Rトロニックさえ慣れればドライバビリティに不満は無いし乗り心地も上質。文句はつけたがこのサイズのミッドシップとしては荷物だって積めないわけではない。そして肝心な走りも気難しいところは無く、それでいてスポーツカーらしい爽快感を味わえるものに仕上がっているのだ。
しかも、そこにオールアルミボディやミッドシップレイアウト+クワトロといったスーパースポーツカーもかくやという内容がふんだんに盛り込まれ、見ての通りいわゆる日常性からはかけ離れたアグレッシヴなスタイリングをまとうのだから、ライバル達に対するアピールには事欠かない。

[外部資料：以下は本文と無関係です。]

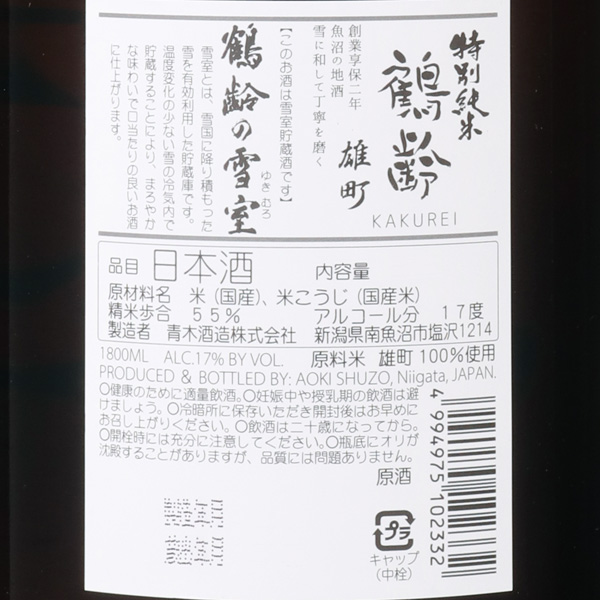 鶴齢 特別純米 瀬戸産雄町
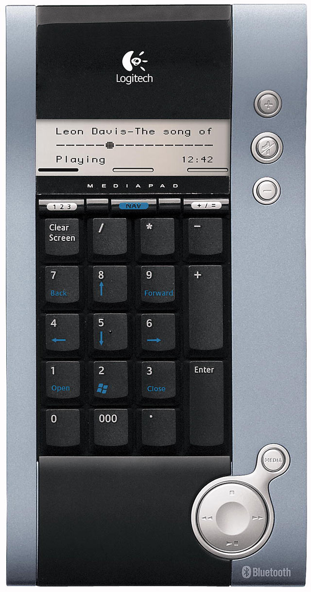 Attached to said KVM is a Bluetooth dongle, which connects to a spare Logitech diNovo MediaPad (don't ask).
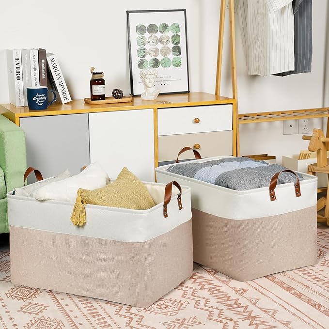 - 【Unique Design & Modern & Decorative】Set of 2 large storage baskets, dimensions(each): 22(L) x 15(W) x 13(H) inches. Fabric baskets for organizing bring you organizing convenience and a sweet home. Great for socks, underwear, books, magazines, toys, baby clothes, pet products, wipes, towels, decorations, office supplies, DVDs, and gifts. The Large Fabric baskets with neutral colors can match a lot of home styles - keeping your home nice and tidy.
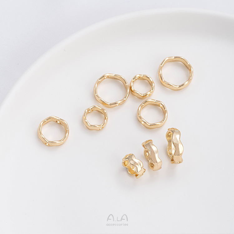 14K 금으로 채워진 색상 보존 물결 모양의 링 세트 비드 링 핸드메이드 DIY 스트랜드 진주 팔찌 목걸이 쥬얼리 액세서리

つまり走りにもコンセプトにも一分の隙すら無い、アウディらしいその極まった完成度こそR8の最大の魅力と言える。しかしその反面、あまりに完成されているが故に物足りない思いが頭をもたげてくるのも、また事実で…。S/RSモデルならそれでもいいがR8のようなクルマには、どこか毒気のようなものも必要なのでは? スポーツカーを買うという行為は決して理詰めの選択ではない。理屈を超える強力な何かに背中を押してもらいたいのだ。
まあ、そうしないのがアウディ流なのだろうけれども…。